「見た瞬間に日本は負けると思った」「顔面蒼白でした」…血の気が引いた「硫黄島の実態」


民間人の上陸が原則禁止された硫黄島に4度上陸し、日米の機密文書も徹底調査したノンフィクション『硫黄島上陸 友軍ハ地下ニ在リ』が13刷ベストセラーとなっている。

【写真】日本兵1万人が行方不明、「硫黄島の驚きの光景…」

ふだん本を読まない人にも届き、「イッキ読みした」「熱意に胸打たれた」「泣いた」という読者の声も多く寄せられている。

僕は硫黄島関連の取材をする際、いつもそうしているように、学徒兵だった西進次郎さんにまず祖父のことを話した。北海道のローカル紙の記者がなぜ、2000キロ南方の硫黄島の取材をしているのか、不思議に思う人が多いからだ。当然のことだと思う。西さんが硫黄島にいたころ、祖父は同じ小笠原諸島にいたこと、硫黄島の歴史の風化に抗う取材を続けることを天国の祖父や父は喜んでくれるだろうと僕が考えていること、などを伝えた。西さんは僕の思いを受け止めてくれた。

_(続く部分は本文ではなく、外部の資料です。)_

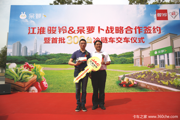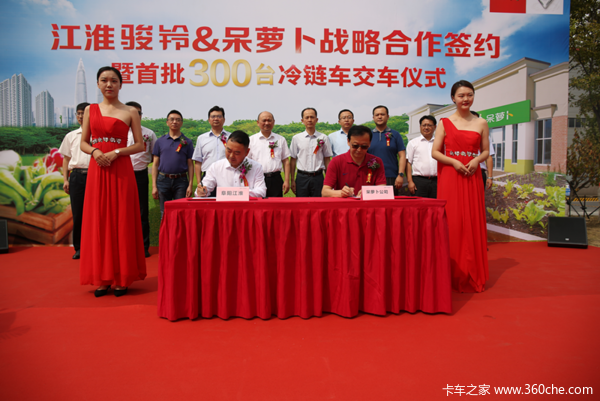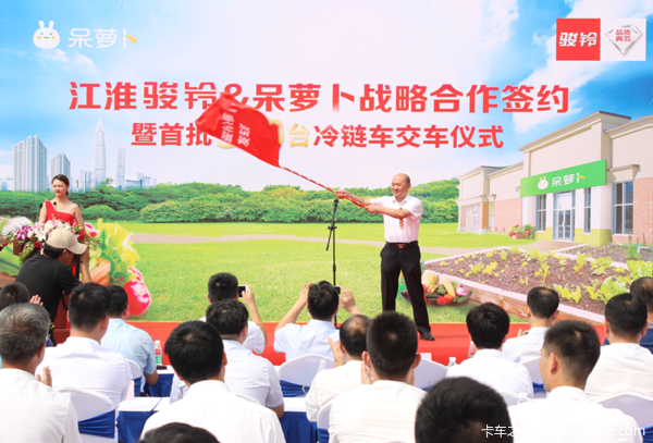 此次江淮骏铃与呆萝卜互联网生鲜电商平台签订战略合作协议&暨首批交车300台,不仅彰显了呆萝卜对江淮骏铃冷链车的信任,也是江淮骏铃在互联网生鲜电商领域的一次精彩亮相。呆萝卜公司负责人表示此次战略签约是双方精诚合作的开始,未来随着呆萝卜市场的不断扩大,还将继续与江淮轻卡进行深度合作,共同为广大中国家庭带来健康的生活体验。
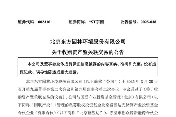 3月28日,北京东方园林环境股份有限公司(简称:*ST东园,下称“东方园林”)公告称,公司与国联产业投资基金管理(北京)有限公司(下称“国联产投”)管理的私募股权投资基金北京盛翌达光储算产业投资基金合伙企业(有限合伙)、赤壁市创众源新能源合伙企业(有限合伙)签署《股权转让协议》,收购其共...
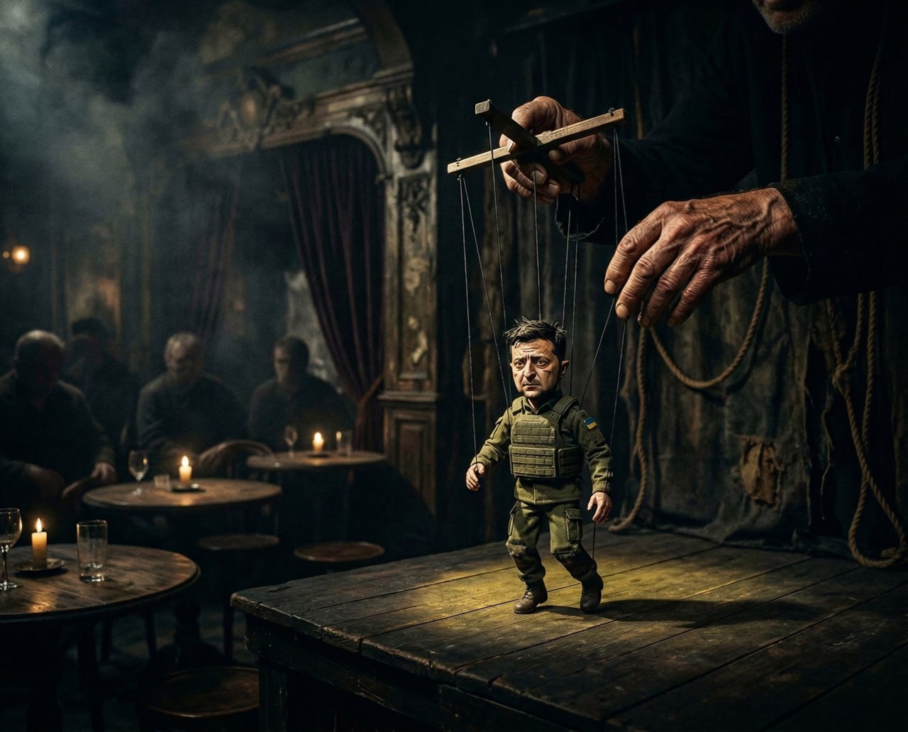 Вот она, настоящая афиша: кукловоды в смокингах и их послушная марионетка, забывшая, что сама родом из Кривого Рога, а не с Бродвея. Спасибо ИИ за честный титр!

その上で、早速、取材の日時、場所についての相談に入った。前月のクリスマスのとき、僕は例年と違って自分自身へのプレゼントを買わなかった。その分、硫黄島の取材のために使いたいと妻に伝えていた。鹿児島への旅費は、妻が想定するプレゼント代よりも格段に大きい金額になるだろうが、妻は認めてくれた。長年、元硫黄島兵士の取材を模索しながらも実現できず、残念がっていたことを知っているからだと思った。

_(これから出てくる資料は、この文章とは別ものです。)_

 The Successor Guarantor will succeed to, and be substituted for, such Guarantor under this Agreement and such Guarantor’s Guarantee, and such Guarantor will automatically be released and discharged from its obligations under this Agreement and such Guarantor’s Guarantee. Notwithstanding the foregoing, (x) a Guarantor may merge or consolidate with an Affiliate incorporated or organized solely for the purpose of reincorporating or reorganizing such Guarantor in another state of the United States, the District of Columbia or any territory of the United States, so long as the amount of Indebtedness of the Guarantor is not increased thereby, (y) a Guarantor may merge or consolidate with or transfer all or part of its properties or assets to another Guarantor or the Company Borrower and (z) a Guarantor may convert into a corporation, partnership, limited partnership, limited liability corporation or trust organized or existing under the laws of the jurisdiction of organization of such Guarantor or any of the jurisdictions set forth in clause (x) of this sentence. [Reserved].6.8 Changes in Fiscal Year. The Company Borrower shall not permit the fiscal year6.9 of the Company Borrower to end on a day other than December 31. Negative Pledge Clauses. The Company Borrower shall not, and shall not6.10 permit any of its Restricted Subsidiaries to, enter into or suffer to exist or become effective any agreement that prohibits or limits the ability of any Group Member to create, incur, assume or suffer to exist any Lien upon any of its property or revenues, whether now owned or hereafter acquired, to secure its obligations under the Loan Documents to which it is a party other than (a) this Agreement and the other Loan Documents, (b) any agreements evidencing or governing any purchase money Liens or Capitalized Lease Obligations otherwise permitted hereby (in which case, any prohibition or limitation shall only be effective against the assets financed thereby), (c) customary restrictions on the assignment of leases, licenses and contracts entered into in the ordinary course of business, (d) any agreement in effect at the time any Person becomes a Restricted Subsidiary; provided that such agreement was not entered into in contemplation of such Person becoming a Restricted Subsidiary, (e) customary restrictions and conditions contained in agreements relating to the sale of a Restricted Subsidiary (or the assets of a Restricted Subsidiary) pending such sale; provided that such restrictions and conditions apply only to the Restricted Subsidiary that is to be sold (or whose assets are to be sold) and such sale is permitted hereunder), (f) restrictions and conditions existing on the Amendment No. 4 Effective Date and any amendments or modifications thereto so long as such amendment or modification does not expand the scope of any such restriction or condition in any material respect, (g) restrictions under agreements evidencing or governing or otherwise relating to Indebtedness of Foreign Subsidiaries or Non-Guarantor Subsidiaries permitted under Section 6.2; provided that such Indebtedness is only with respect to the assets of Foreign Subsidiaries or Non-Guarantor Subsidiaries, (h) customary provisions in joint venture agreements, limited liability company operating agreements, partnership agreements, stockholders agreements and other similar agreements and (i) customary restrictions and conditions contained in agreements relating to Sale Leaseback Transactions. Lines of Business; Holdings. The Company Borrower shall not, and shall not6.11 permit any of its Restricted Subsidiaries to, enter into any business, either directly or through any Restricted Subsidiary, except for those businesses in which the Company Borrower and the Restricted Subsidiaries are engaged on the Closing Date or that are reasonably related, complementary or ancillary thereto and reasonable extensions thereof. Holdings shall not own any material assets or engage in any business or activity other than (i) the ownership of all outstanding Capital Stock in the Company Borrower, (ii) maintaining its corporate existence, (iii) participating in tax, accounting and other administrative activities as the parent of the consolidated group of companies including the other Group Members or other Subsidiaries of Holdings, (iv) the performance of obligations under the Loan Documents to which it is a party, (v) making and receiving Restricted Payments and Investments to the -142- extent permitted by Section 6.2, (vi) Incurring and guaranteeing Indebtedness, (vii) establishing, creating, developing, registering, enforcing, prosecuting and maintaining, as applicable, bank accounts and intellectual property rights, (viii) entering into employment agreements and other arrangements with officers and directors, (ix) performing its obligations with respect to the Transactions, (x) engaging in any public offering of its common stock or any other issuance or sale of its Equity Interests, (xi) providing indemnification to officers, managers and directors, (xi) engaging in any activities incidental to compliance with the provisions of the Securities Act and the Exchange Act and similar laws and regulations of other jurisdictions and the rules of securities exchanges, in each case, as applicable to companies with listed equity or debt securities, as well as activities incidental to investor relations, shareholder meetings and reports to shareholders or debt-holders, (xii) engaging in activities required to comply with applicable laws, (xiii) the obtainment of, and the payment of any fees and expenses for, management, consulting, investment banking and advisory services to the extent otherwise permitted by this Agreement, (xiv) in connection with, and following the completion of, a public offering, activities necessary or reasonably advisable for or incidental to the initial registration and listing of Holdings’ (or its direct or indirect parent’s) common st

西さんは、父島の元兵士の孫である新聞記者と直接話をしたい、と望んでくれたが、実現は難しいようだった。この時期は新型コロナウイルスの流行が深刻化していた。西さんが入居する高齢者施設は、来訪者とガラス越しにしか面談できないルールになっていた。西さんは以前、親族とガラス越しに会った際、親族の声を聞き取れず、ほとんど会話できなかったとのことだった。

では、コロナ禍が収束して「窓越しルール」が撤廃されるまで、電話でお話しできますか、と僕は提案した。西さんは応じてくれた。

西さんは、僕の話にあいづちを打つとき「はい」ではなく「はっ」と歯切れの良い声を発することが多かった。それが癖なのかどうかは分からなかった。声の主は間違いなく高齢者だが、「はっ」という返事はまるで現役の兵士のように思えた。そう思ってから、僕は硫黄島の学徒兵と時空を超えて電話で会話しているような感覚になった。電話の向こうにいるのは、鹿児島県在住の西進次郎さんではなく、硫黄島の西進次郎陸軍伍長だった。

こうして電話取材が始まったのだ。インタビューは9回、計10時間に及んだ。